For my first subject, I decided to look at the new PC/Console game Batman: Arkham Asylum. It's a fitting choice because, as I realized while I considered what to write about in my first column, the game is indirectly responsible for Extra Medium. It was a commercial for Batman: Arkham Asylum that renewed in me the desire to own a game console system - my last was a PlayStation 2 which I sold around 5 years ago. My lovely and generous girlfriend bought me an XBox 360 for my birthday, and since then I've been stunned by how utterly cinematic video games have become. I've been thinking a lot about whether or not certain video games could even be correctly called "games" anymore, rather than interactive movies. So when TWC formed and folks were asked what they wanted to write about, since I already had the blurring lines between media on the brain, Extra Medium was the result.

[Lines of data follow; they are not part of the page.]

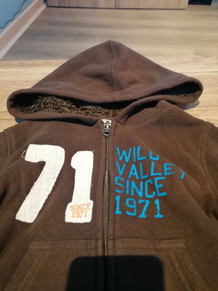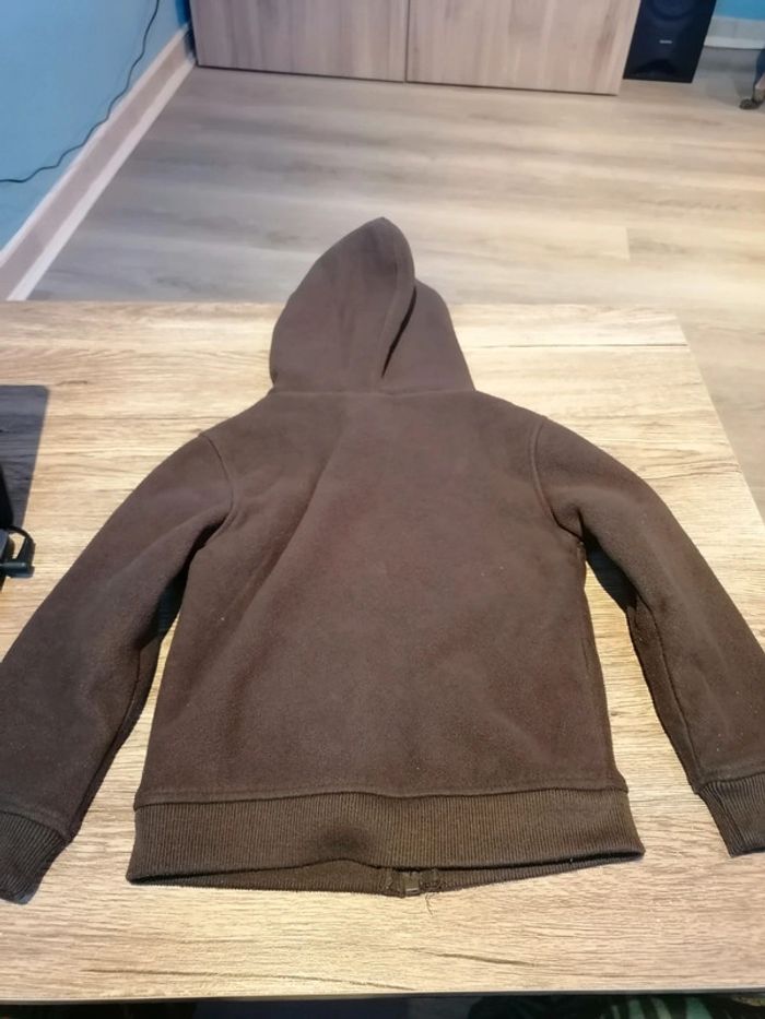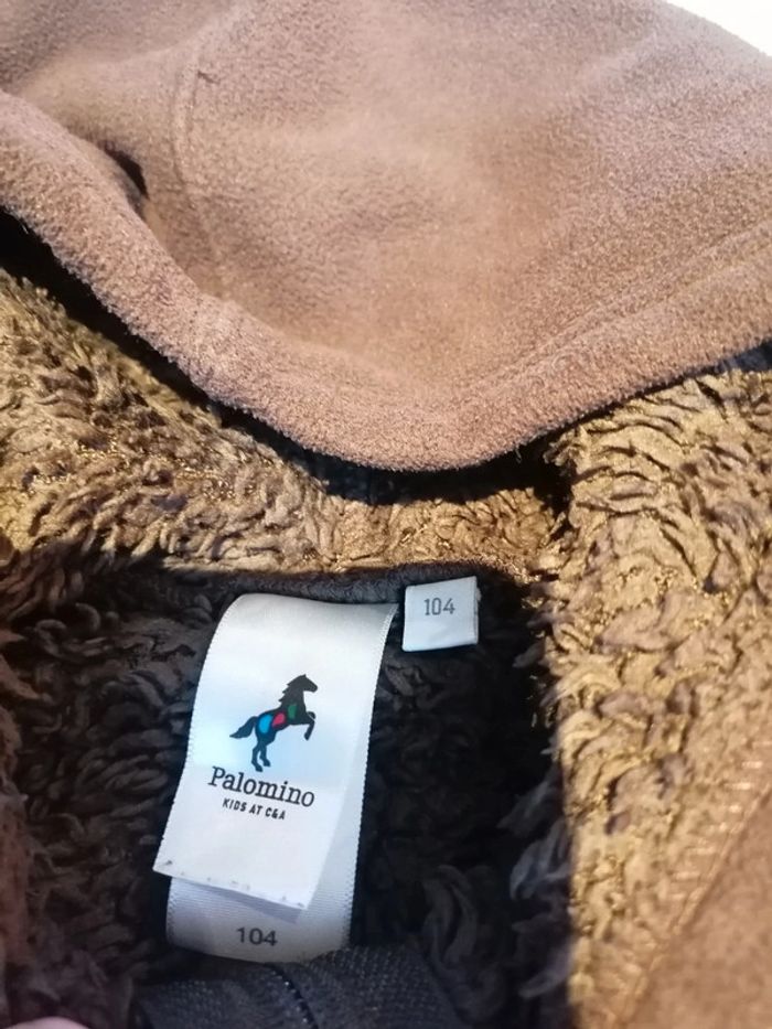 Bonjour, je vends ce gilet à capuche marron de la marque Palomino taille 4ans en très bon état. Lavé maison non fumeur.
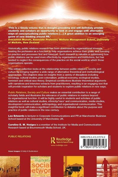 Lee Edwards is lecturer in Corporate Communications and PR at Manchester Business School based at the University of Manchester, UK. Her main research interests revolve around sociological understandings of PR and include the operation of power in and through PR, 'race' and PR, PR as a cultural intermediary, and PR in the context of globalization. She is a member of the Editorial Board for the Journal of Public Relations Research, and has contributed to a number of books including The SAGE Handbook of Public Relations (2010) and Public Relations in Global Cultural Contexts (2010). Caroline E. M. Hodges is a member of the Institute for Media and Communication Research based at Bournemouth Media School. She regularly teaches on undergraduate and postgraduate units concerned with the relationship between communication and culture. Caroline's research interests include the application of ethnography within communication research, Latin American communication theory, transnational and multicultural public relations and communication for social change.
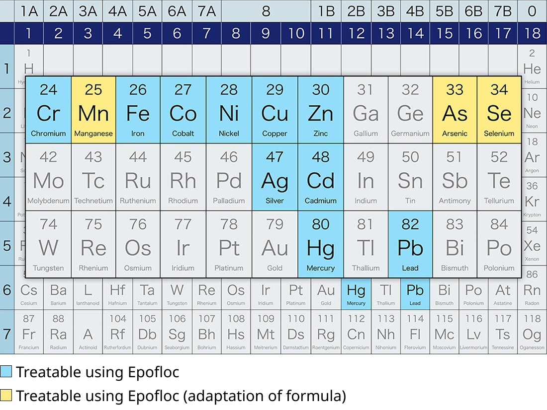 EPOFLOC demonstrates broad reactivity across a wide spectrum of heavy metals, including Chromium (Cr), Manganese(Mn), Iron (Fe), Cobalt (Co), Nickell (Ni), Copper (Cu), Zinc (Zn), Arsenic (As), Selenium (Se), Silver (Ag), Cadmium (Cd), Mercury (Hg), and Lead (Pb). Because it is able to bind to multiple elements simultaneously, EPOFLOC can eliminate the need to treat metals individually.
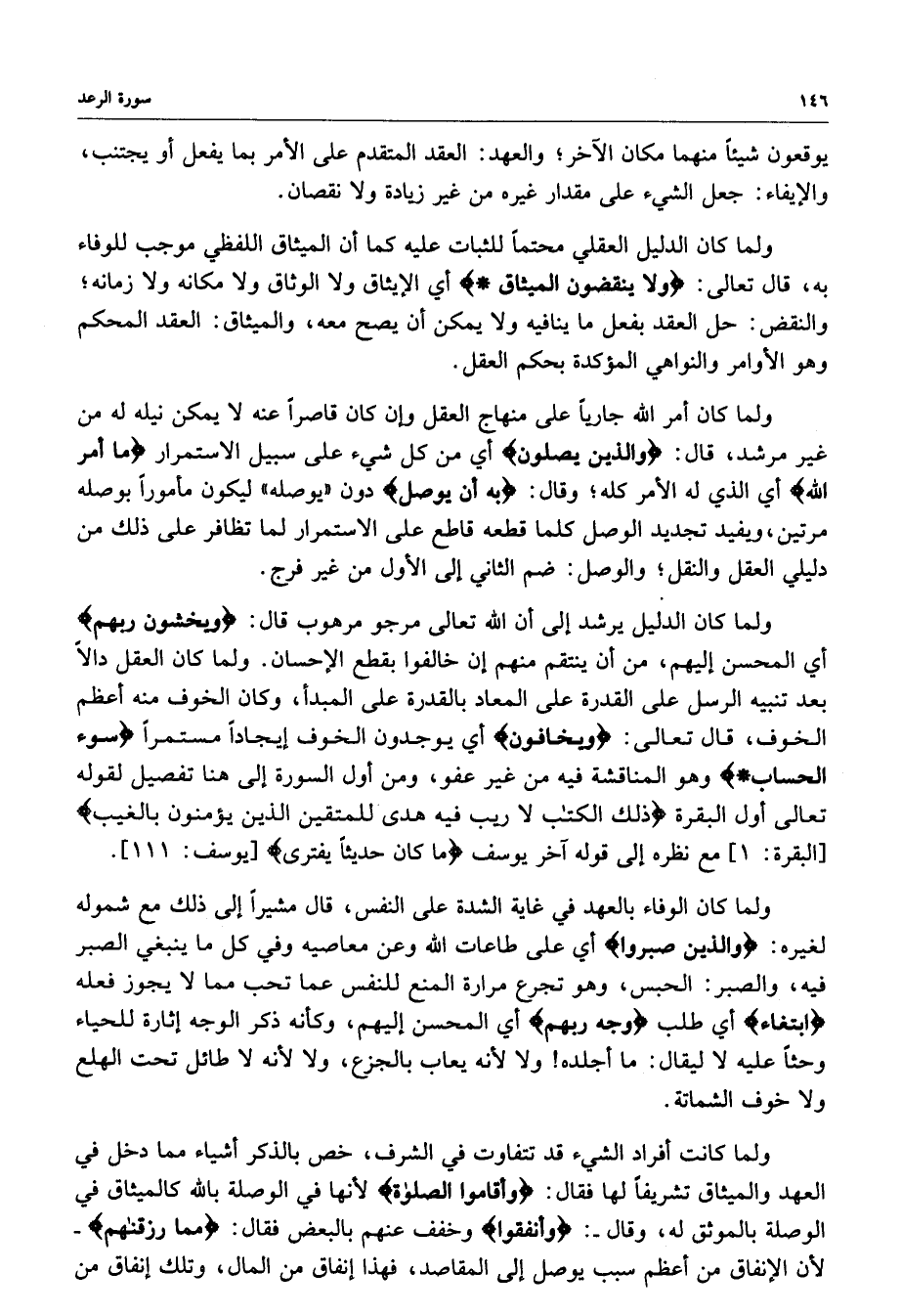 ولما كانت أفراد الشيء قد تتفاوت في الشرف ، خص بالذكر أشياء مما دخل في العهد والميثاق تشريفاً لها فقال : ( وأقاموا الصلاة ( لأنها في الوصلة بالله كالميثاق في الوصلة بالموثق له ، وقال - : ( وأنفقوا ( وخفف عنهم بالبعض فقال : ( مما رزقناهم ( - لأن الإنفاق من أعظم سبب يوصل إلى المقاصد ، فهذا إنفاق من المال ، وتلك إنفاق من
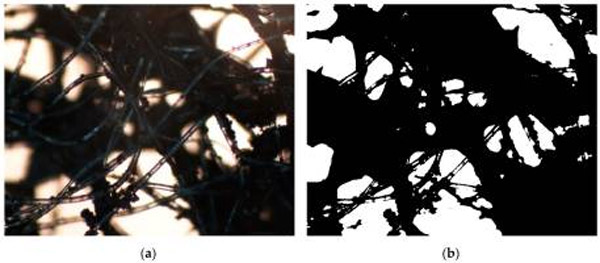 活性炭介質(zhì)250倍放大的顯微照片,然后用數(shù)值計(jì)算出與圖像其余部分相比具有較暗陰影的區(qū)域的面積(被活性炭介質(zhì)覆蓋的區(qū)域)。首先,我們使用常規(guī)的多通道和彩色圖像轉(zhuǎn)換為灰度圖像,然后生成圖像,其中每個(gè)像素的值均為0(白色像素)或1(黑色像素)(圖1)。接下來(lái),我們應(yīng)用例程,對(duì)于給定的灰度圖像,該例程確定由黑色像素簇覆蓋的整個(gè)灰度圖像的比例。這種方法使我們能夠粗略評(píng)估活性炭復(fù)合材料中活性炭附聚的均勻性,而無(wú)需考慮基礎(chǔ)非織造布的不均勻性,因?yàn)槔淌÷粤送该鱌ET纖維。
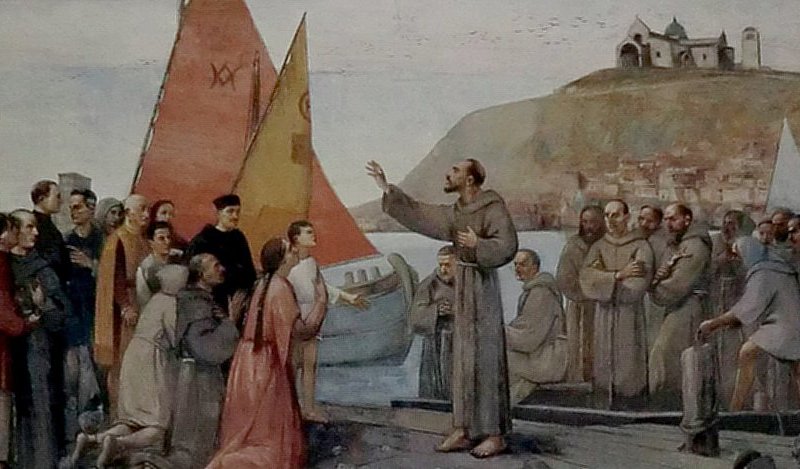 Fresko: Franzsikus und seine Brüder Abreise ins Heilige Land, im Santuario Joseph von Copertino in Osimo | Foto: Joachim Schäfer - <a href="https://www.heiligenlexikon.de">Ökumenisches Heiligenlexikon</a>

So, without any further delay other than a caveat that I have never even considered reviewing a video game before today so I hope I don't sound too dumb, I give you the first installment of Extra Medium.

- - - - - - -


Batman: Arkham Asylum
Publisher: Eidos Interactive
Developer: Rocksteady Studios
Platforms Offered: PlayStation 3, XBox 360, PC

The Joker goes in and out of Arkham so often, they may as well rename it "Harley." This time, he plans to stay for a while. Backed by an army of muscle from Blackgate Prison and a handful of Batman's deadliest nemeses, the Joker plans to put Batman through the most hellish night of his life in Batman: Arkham Asylum.

In his BATMAN ALWAYS WINS column, Matt Springer wrote "There is no such thing as a "definitive Batman."" It's a strong statement, one I agree with, and it's part of what makes something like Batman: Arkham Asylum a challenge to create. Unlike Batman games of the past, Arkham Asylum isn't attached to any specific Batman film or TV show. That left the creators (among them, writer Paul Dini) with a long history of different interpretations of the dark knight from which to choose.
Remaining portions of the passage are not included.